15.8. - 18.8.2021 Monte Verità, Ticino
Organizers: Marcelo Sánchez-Villagra, Chiara Barbieri, Tomás Bartoletti
A workshop sponsored by the platform Congressi Stefano Franscini (ETH) and the Latin American Center Zurich, and The Swiss National Centre of Competence in Research (NCCR) Evolving Language to promote exchanges and conversations on the state of the art research on human diversity and landscape impacts in South America. Participants include experts from different fields such as archaeology, history, anthropology, linguistics, genetics, ethnobotany.
Open webinars from keynote speakers:
Prof. Eduardo Góes Neves – Monday, 16th of August, 18:00 – 18:45:
"An overview of human occupation of the Amazon - the emergence of language diversity and hypotheses on its chronology"
Eduardo Góes Neves is Professor of Brazilian Archaeology at the Museum of Archaeology and Ethnology for the University of Sao Paulo (MAE-USP), Brazil. He has more than 30 years of research experience in the Brazilian Amazon, where he has coordinated different multi-year survey and excavation projects. His current research is a joint Bolivia–Brazil–UK project on the long-term landscape and indigenous history of the Southwestern Amazon.
Prof. Susanna Hecht – Tuesday, 17th of August, 18:00 – 18:45:
"What prehistory and the rubber boom can tell us about forms of tropical mobilities, and how might inform us about different infrastructure spatialities and futures strategies"
Susanna Hecht is professor at UCLA and a specialist on tropical development in Latin America, especially the Amazon Basin and Central America. Her research focuses on the political economies of development ranging from corporate frontiers of cattle and export commodity agriculture (like soy, oil palm) to populist land occupation.
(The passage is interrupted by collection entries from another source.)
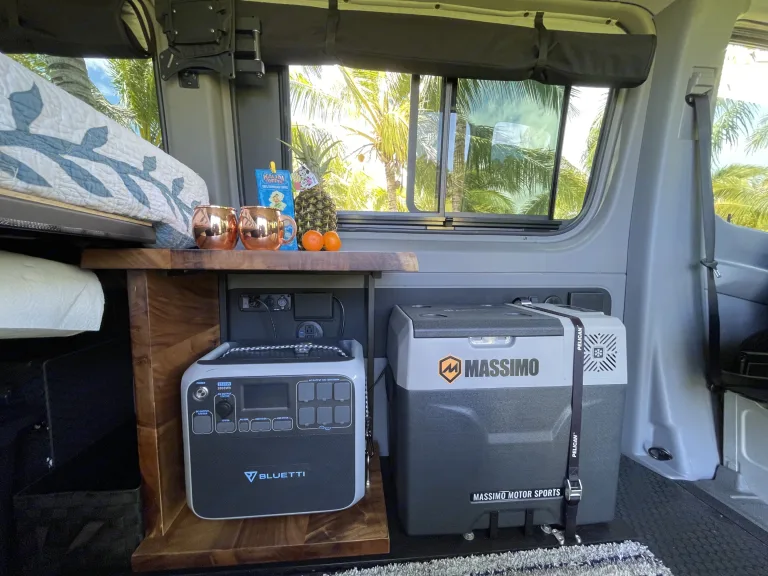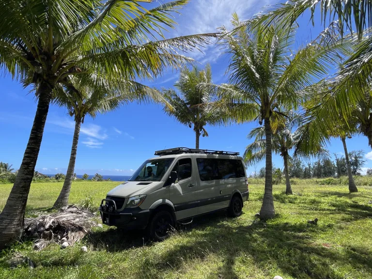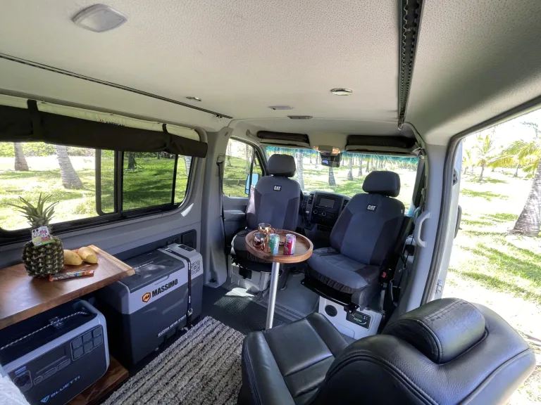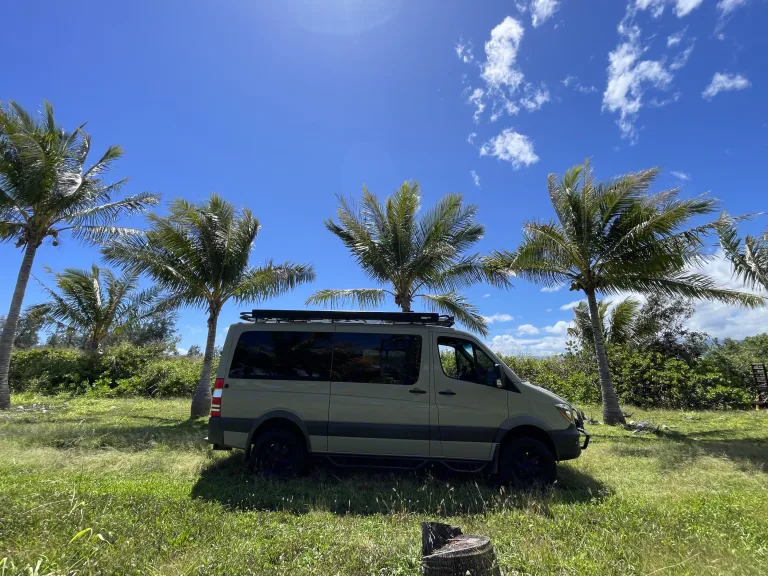 The Island Grizzly Bear 4x4Explore and see Kauai in style above all vehicles with large windows for a panoramic view along the way. Rare 4x4 Sprinter Camper Van in Kauai. Great sound system with Apple Play. 3 Custom leather seats that all swivel. Lifted/kitted with everything you need and ready for anything.Van is equipped with USB and DC ports throughout, Light Bar, Huge Bed, 50L Fridge/Freezer, Bluetti 2000W Power Station (AC /DC / USB), MaxxFan Deluxe, solar, screened windows, huge cargo area with tie downs for luggage, shortboard storage under bed and much more.Perfect sized camper to explore this island with very few if any limitations. 3rd rear seat can be added upon request for parties greater than 2. Van has more space without 3rd seat. Qué incluyeGrizzly Equipped with Following:- Huge comfy 76” x 76” Bamboo Platform Bed w/6" Memory Foam
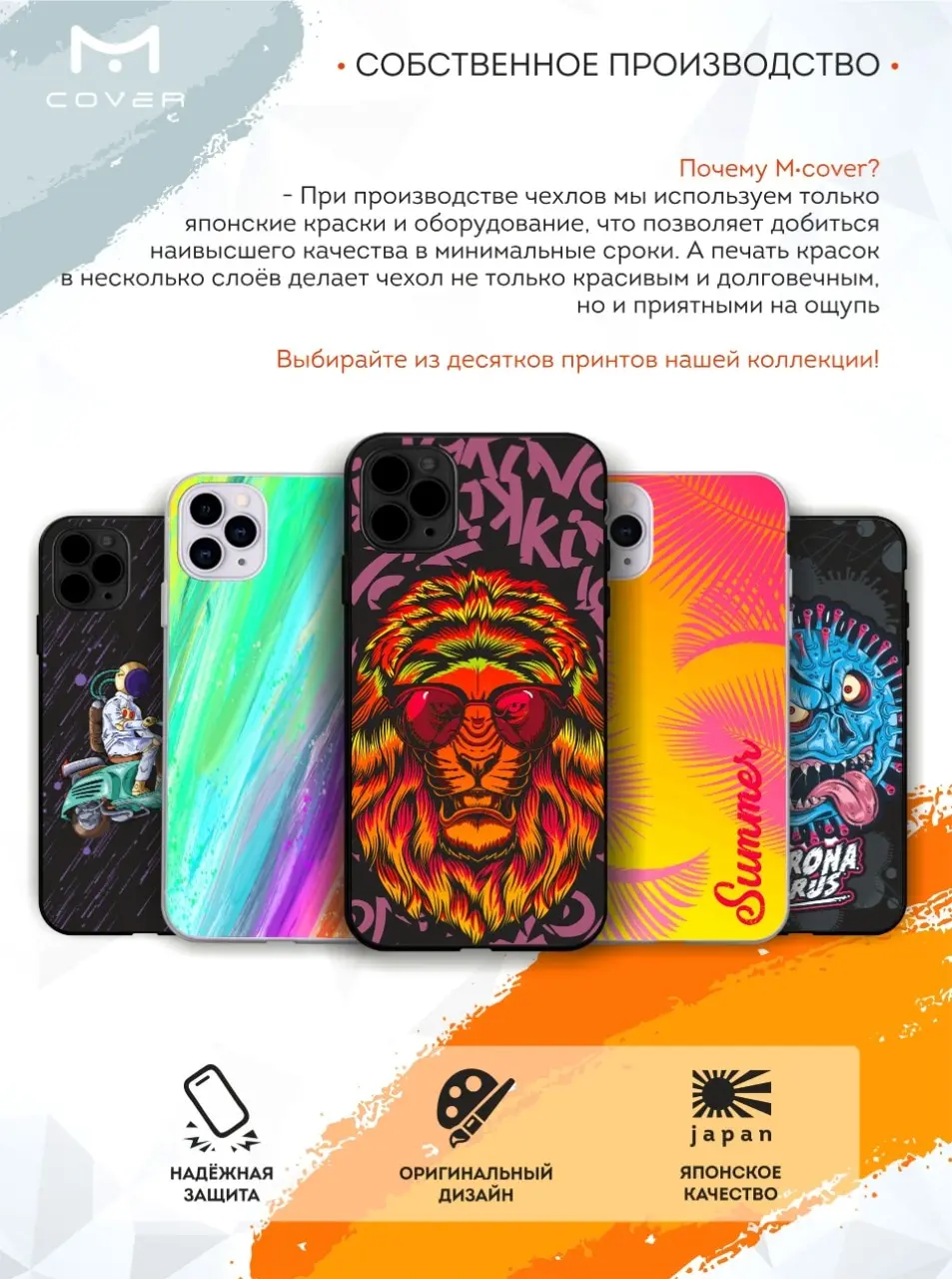 Чехол для смартфона - главный аксессуар каждого современного человека. Премиальные износостойкие краски и лаки, качественные материалы, японское оборудование и контроль качества производства - это то, что позволяет нам выгодно выделяться среди конкурентов и производить не только красивые, но и тактильно приятные чехлы, которые долгое время выглядят как новые. Плотные и прочные чехлы надёжно защитят Ваш телефон от различных механических повреждений. В наличии чехлы с изображениями на любой вкус: машины, мотоциклы, байкеры, девушки, абстракция, космонавты, фрукты, ягоды, цветы и животные (кот, лев, волк, медведь). Такой чехол станет отличным подарком себе и близким людям на День рождения и любой другой праздник.
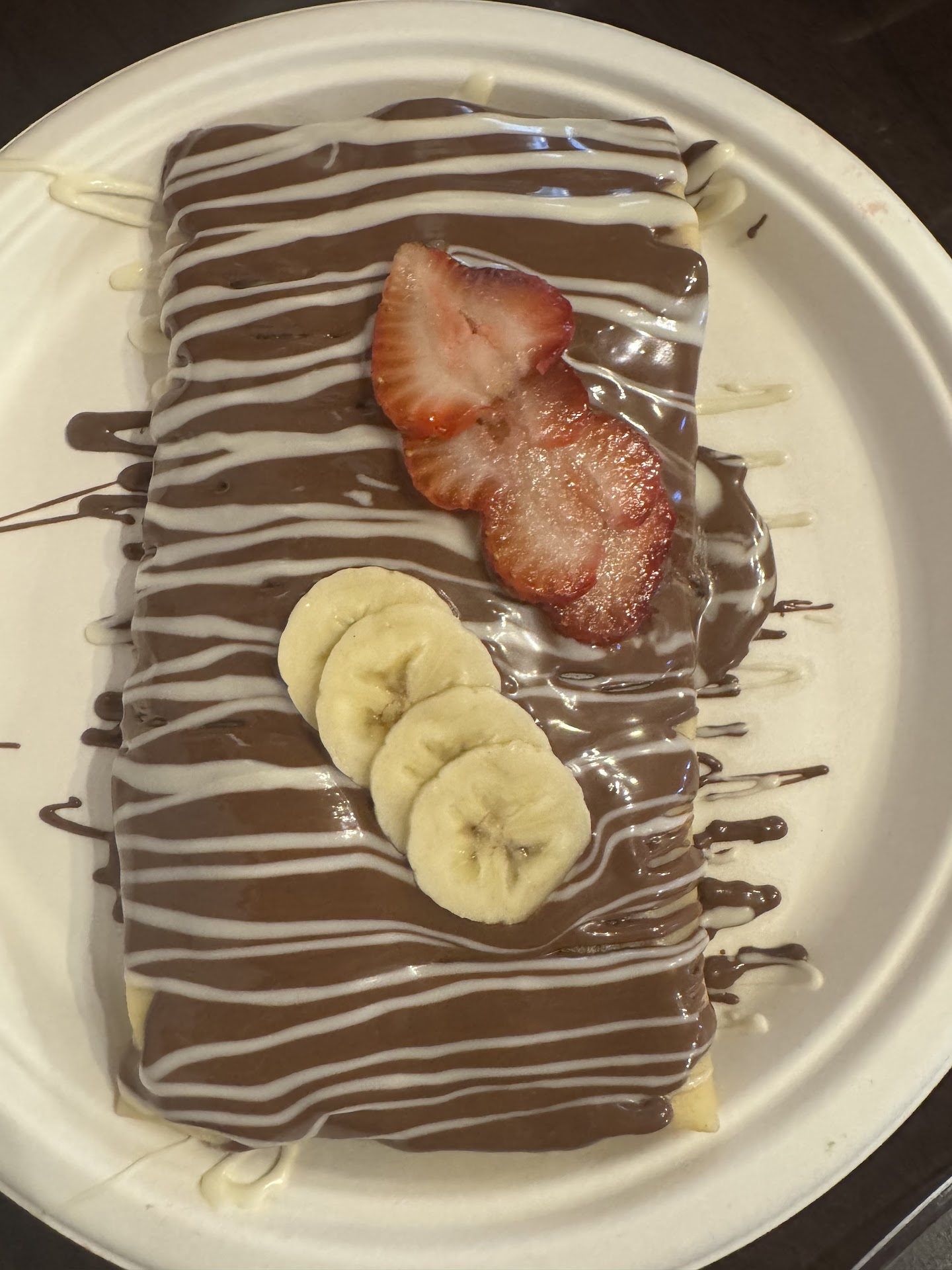 Read moreI went here with a family member visiting from out of state on Valentine’s Day. We got the fettuccine crepe which was pretty good. They do charge $1 extra per any additional toppings. Making it very costly. I was very surprised the crepe wasn’t served warm, especially with the vanilla ice cream. They said it wasn’t supposed to be served warm as it cools down with the ice cream and whatnot. But I believe it’s definitely possible to have it warm if served immediately.
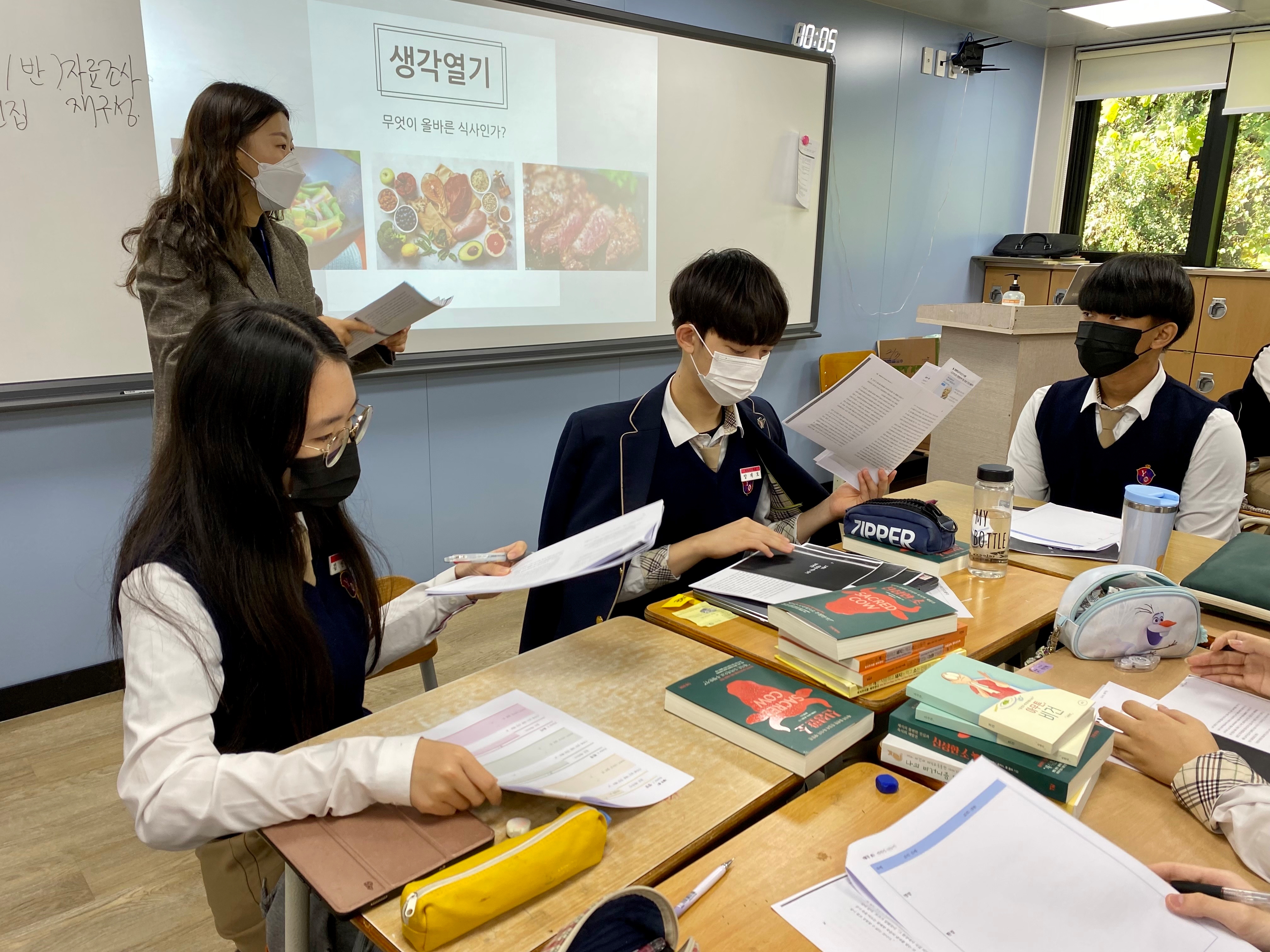 학생들은 최근의 사회적 이슈나 자신의 관심사, 진로 분야를 고려하여 참여하고 싶은 수업을 사전 신청하였으며, 이틀에 걸쳐 1인당 2개 반의 주제를 학습했습니다. * 2학년 학부모 초청 수업 공개 : 2021. 11. 4.(목)
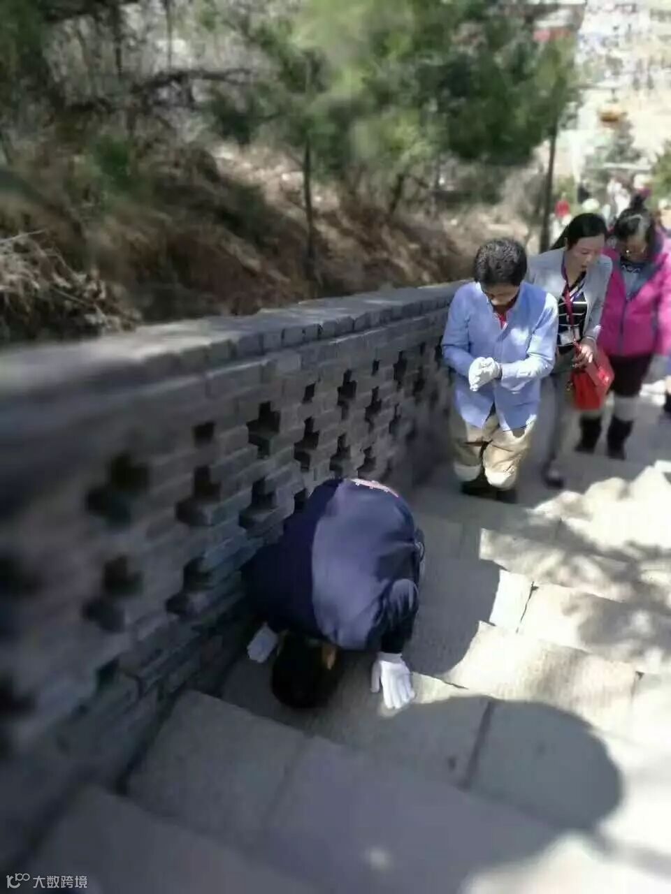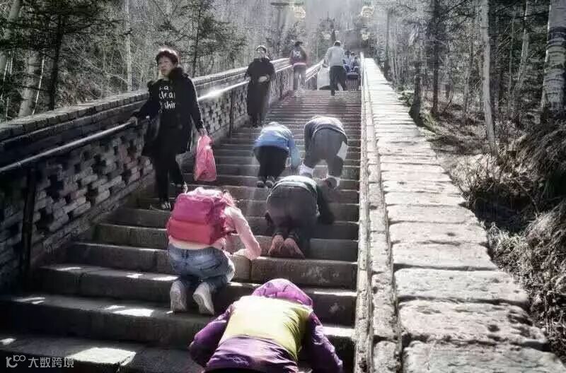 4月29日,文殊菩萨圣诞。我们三步一拜上黛螺顶,1080个台阶。妈妈与父亲说:“来了你就要拜啊!”父亲只是笑笑,集合现场买护膝装备,带上手套,护好膝盖,整装待发。在人潮拥挤的阶梯里,有人上行,有人下行,有人一步一拜,有人三步一拜,有人大拜(五体投地),有人摆摊,有人拍照,有人·····
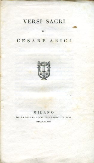 In 16, pp.120, brossura editoriale rosa con piccola vignetta inquadrata entro bordura di greche. Rare bruniture. Buon esemplare. Prima edizione. Cesare Arici (Brescia, 1782-ivi, 1836) fu poeta neoclassico e professore di Storia nel Liceo di Brescia. Sono presenti versi in lode di Gesù, di Maria, di San Giuseppe, di San Paolo, dell'Angelo Custode, del Rosario, degli Apostoli, per la morte del Vescovo di Brescia, Gabrio Maria Nava, etc.
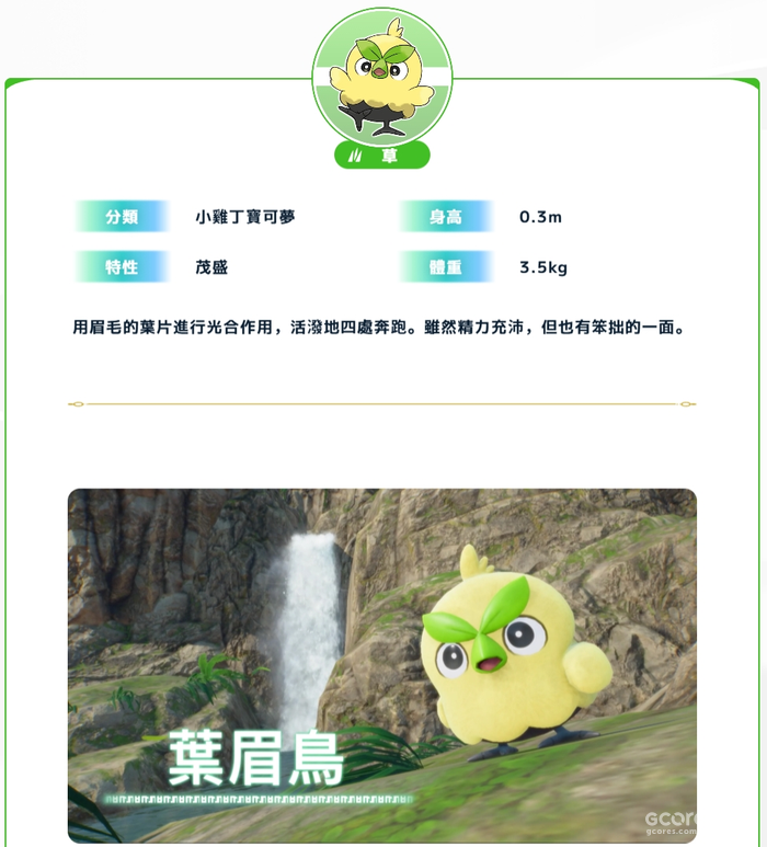 会成为玩家最初伙伴的有小鸡丁宝可梦「叶眉鸟」、小狗宝可梦「博姆耿」、水壁虎宝可梦「妙澪儿」。

Her books have won numerous prizes, most recently, Scramble for the Amazon and the “Lost Paradise” of Euclides da Cunha won the “Best Book in Environmental History” from the American Historical Association.
Link to the webinars: uzh.zoom.us
Contact Info: Chiara Barbieri
South America was the last habitable continent that became populated by Homo sapiens. In this continent of great biosphere diversity, human diversity developed with a myriad of languages and cultural forms originated and transformed over time. These cultural expressions reflect multiple ways of conceiving and interacting with the environment around us. This great accumulation of culture and knowledge is expressed in the material legacy, with a wide range of artefacts and inscriptions, as well as in linguistic diversity, and musical expression. These subjects have been described from different perspectives by the disciplines involved, such as history, biology, and cultural evolution. Each discipline has made major conceptual and methodological progress, overcoming boundaries and exposing the need of a cross-disciplinary integration. The perception of the past coming from each field is now permeable to broad influences, while new discoveries and theoretical shifts are questioning historical assumptions from traditional scholarship.
By bringing together researchers from different fields looking at the same geographic region, we aim at engaging on discussions that touch on problems of common concern, looking at specific patterns and processes of change in space and time in South America. A synergistic mix of attendees will present the latest results of their empirical research, engaging in methodological discussions and focusing on cross-disciplinary integrations and applications. The two open webinars from influential speakers will touch critical perspectives on the historical, environmental and archaeological impacts on the continent, and will be followed by a Q&A session to open a dialogue with the online audience and the participants in Monte Veritá.